I attended my first Yo Yoga class in months, on Saturday morning with Zo as the instructor.

I was starting to think that I shouldn’t pursue this, since i wasted two mornings last week after intending to attend, with a phone-call delaying me with one class, and on the 2nd morning, arriving at the studio just after the class started – but Saturday morning, it seems, was destined to be the start of the resumption of classes, so weight and measurements recorded, off i went!

I expected it to be really hard, having to adjust to the heat and humidity, the difficulty of the poses with my current lack of fitness – and the reality of sharing a confined space with others – many of whom welcome the concept of loud exhalations of air – disastrous for my germaphobic psyche!

But luck was on my side, the class wasn’t as populated as i remember, most likely since the holidays inspire laziness in every form (something i am VERY guilty of!) , so i found a comfy spot (my 2nd favourite spot in the studio), and got ready.  I rolled out my yoga mat, covered it with a towel, tied up my hair, took off my jewellery, and decided to lie still for a moment or two before the class commenced to get my mind into a quiet space.  Instead, i ended up with “Eye of the Tiger” playing as background music to my never-ending stream of thoughts! 

This was my first class with Zo, and i found her to be ultra calm and she managed to convey a quiet sense of authority – without being over-bearing and pushy! 

We started with the breathing exercises, slow and rhythmic breaths with those loud exhalations i mentioned earlier, and i suddenly realised how weak my arm muscles are! These initial breathing exercises help me remember to BREATHE – as in properly.  So many of us tend to take shallow breaths, but the start of this class is going to remind me to consciously take those deep breaths throughout the day., not only during the chaotic parts of my days, but especially during those moments!   We then went on through all the other poses without a rush – in fact, at one point, i was worried we wouldn’t finish within the hour, but Zo seemed to know what she was doing as we finished on time! 

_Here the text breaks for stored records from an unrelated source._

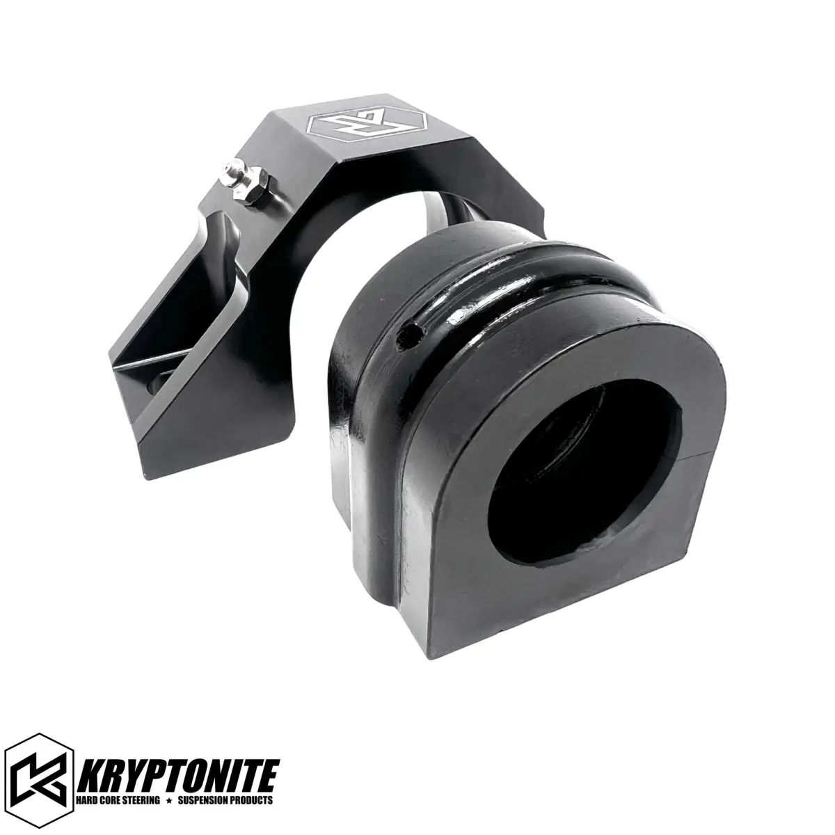 The Kryptonite Billet Sway Bar Bracket Kit is machined from a solid block of 6061 aluminum, and features a built in grease port with grease channels molded into the poly bushing. A stronger mounting surface ensures a firm grip on the sway bar. This bracket kit includes everything you need for install. Sold as pair. If you demand the absolute best for your truck this is it!
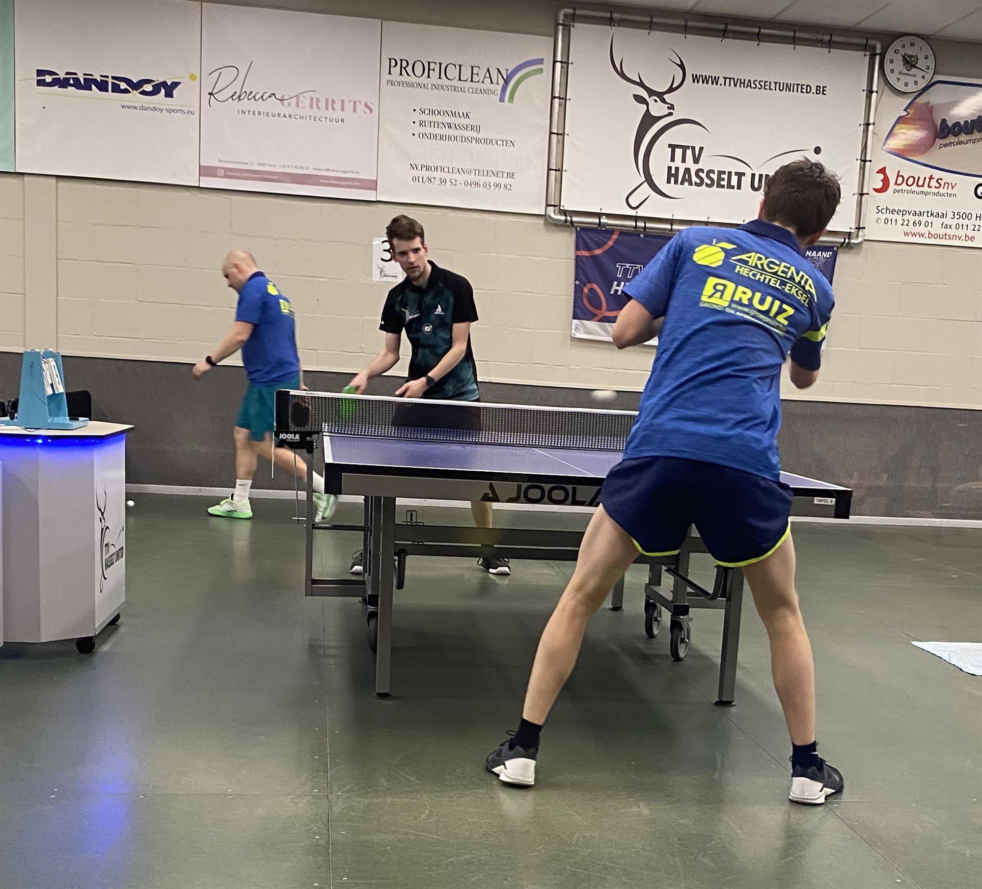 De A-ploeg trok naar Hasselt United en kende een sterke start. Na een 1-5 voorsprong hield het team lange tijd een marge van twee matchen aan. Dankzij Jorne Raymakers was het gelijkspel al verzekerd. Jens en Johan kregen daarna nog de kans om het voordeel naar hun kant te trekken, maar dat lukte net niet. Johan verloor in vier sets en Jens ging in de vijfde en beslissende set nipt onderuit met 12-10. Het werd uiteindelijk 8-8, wat opnieuw een degelijk resultaat opleverde.
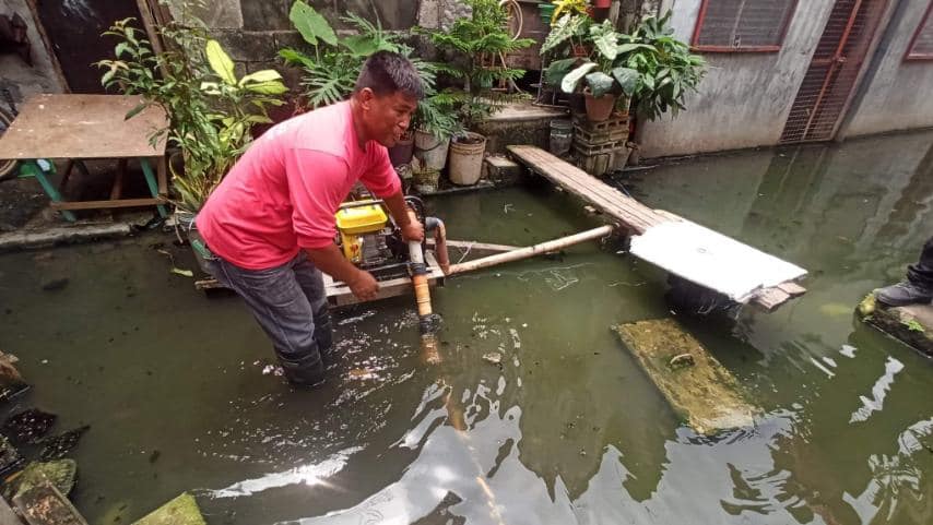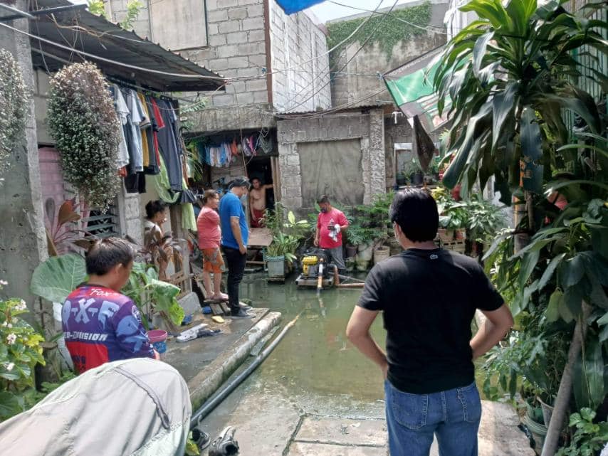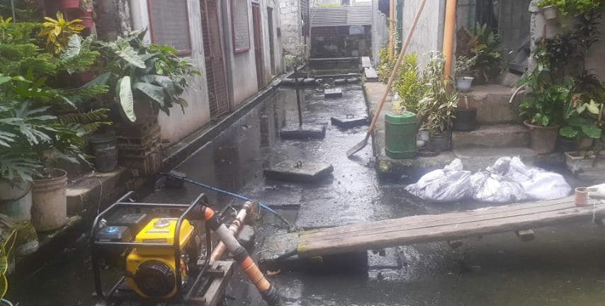 Sa tulong ng Quezon City Engineering Team, nagsagawa ng declogging sa kanal gamit ang motor pump mula sa homeowners association.
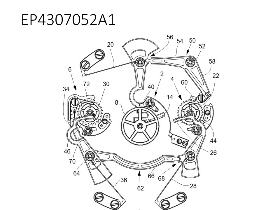 特許番号EP4307052A1(CN119547021A)、特許名CHRONOGRAPH MECHANISM FOR A CLOCKWORK、発明者の一人はジュリオ・パピの特許で、クロノグラフ機構の改善を請求しています。
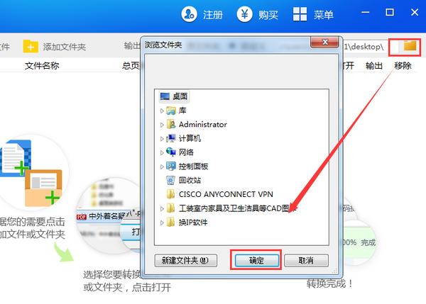 第二步,小编习惯于先把准备工作都做好在添加PDF文件,所以就设置提取出的图片存储位置,点击右上角的文件夹形状按钮选择即可。
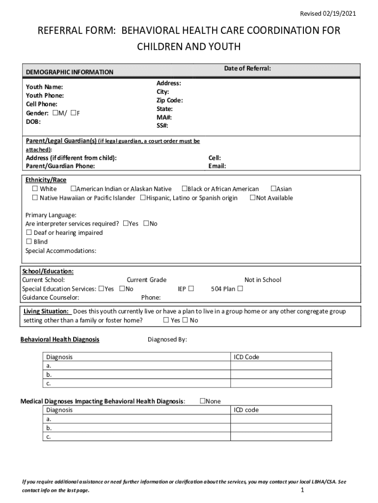 Get the free REFERRAL FORM: BEHAVIORAL HEALTH CARE COORDINATION FOR ...
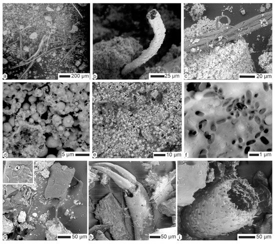 Hairs were also present in the coprolites of Hyaena (Figure 8a–d); they could be taxonomically determined (i.e., morphology of scales, ratio of medulla to cortex) [42,43]). In a given sample, they were often covered with small, round particles, often described as bacteria (Figure 8c–d). When these “bacteria” obscured the surface of the filaments, it became difficult to distinguish between hairs and plant sprigs (Figure 8e,g,h). Felts of fine filaments of unknown origin also occured (Figure 8i). The diameter of the preserved hairs varied.
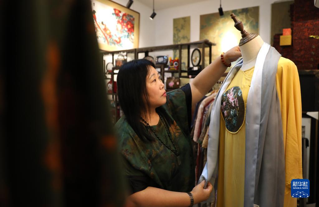 7月5日,王立君在位于遼寧省營(yíng)口市遼河老街上的工作室里為她設計的帶有滿(mǎn)繡圖案的民族服飾進(jìn)行搭配。
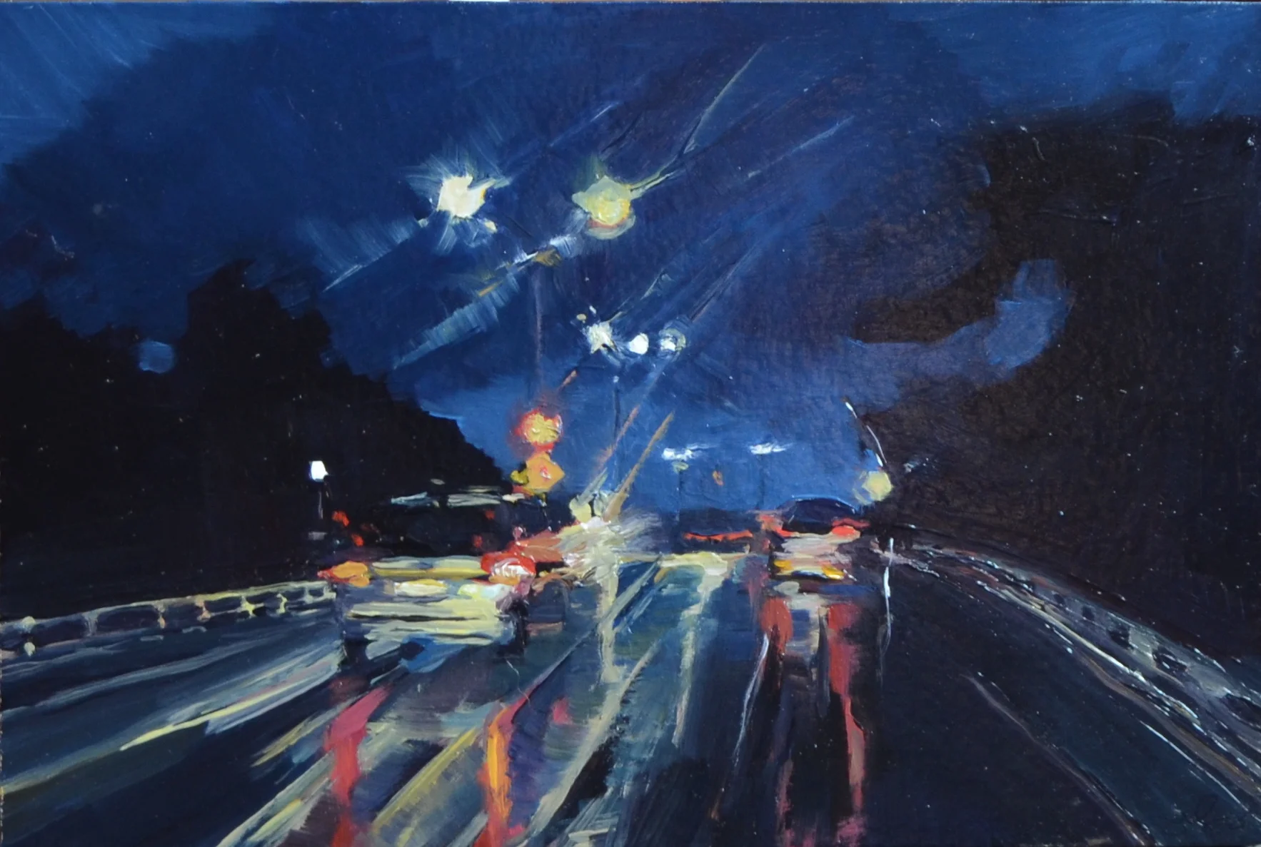 Taillights. 2017. Oil on Panel. 8x 12 inches.
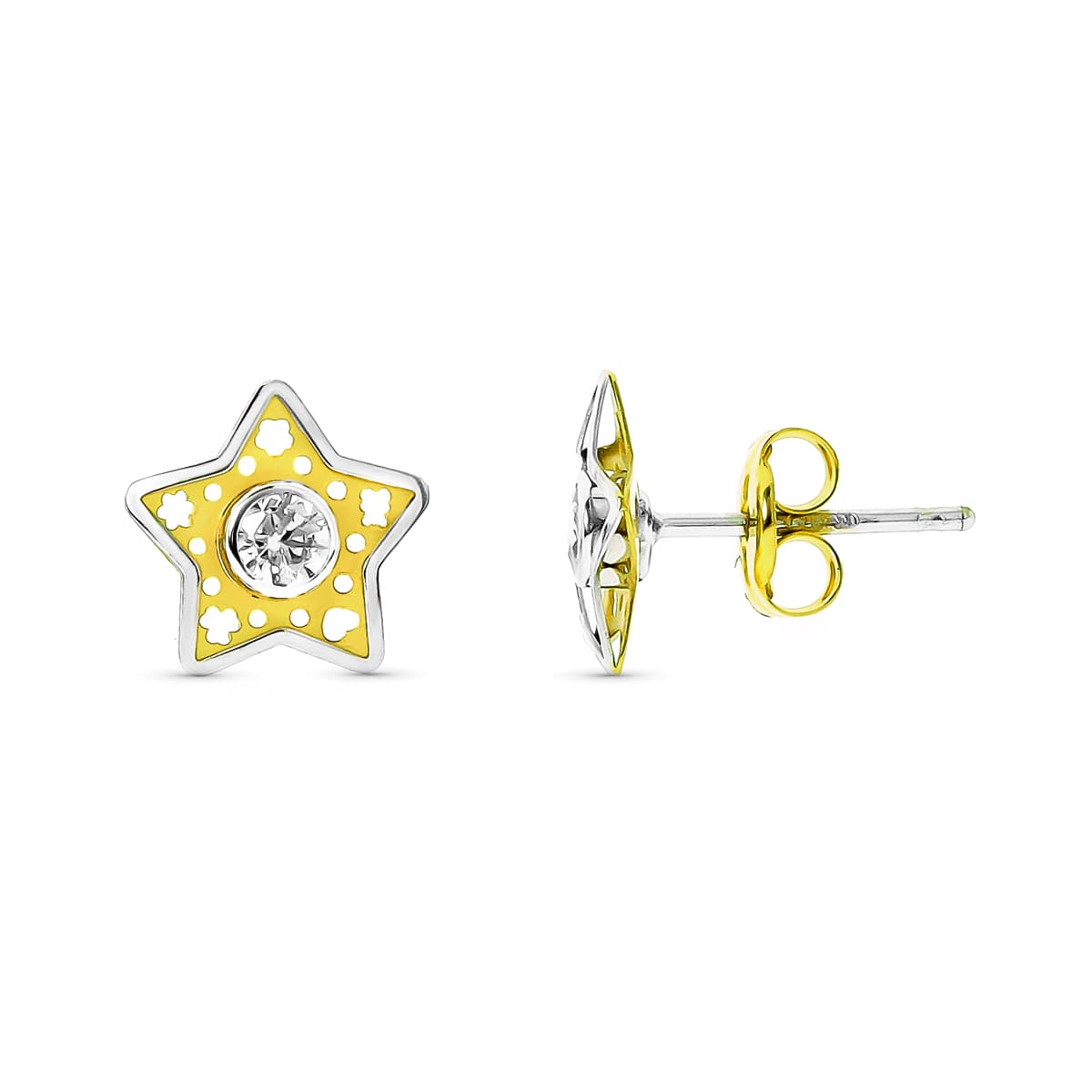 18K PENDIENTES ORO BICOLOR COMUNION ESTRELLA CIERRE PRESION

I managed to survive my first class, with not too much difficulty – hoping the post-class-unfitness-cramps aren’t going to be too bad, and hoping to catch my next class within the next few days! 

For now, i’m just proud of myself for not having to leave the room due to the heat or for needing to lie down through most of the session from exhaustion and an extreme lack of fitness!  

I have had some requests for posts of what i eat between classes, and while i do see the point of it being a more accurate description of what my classes accomplish, i must admit that i am a bit hesitant – i eat A LOT! Like A LOT!  But who knows, maybe with the next post i’ll feel braver and you’ll see some pics of typical meals and snacks i relish! 

Note to self: consider strengthening upper arm muscles and try to concentrate less on the music and more on the breathing!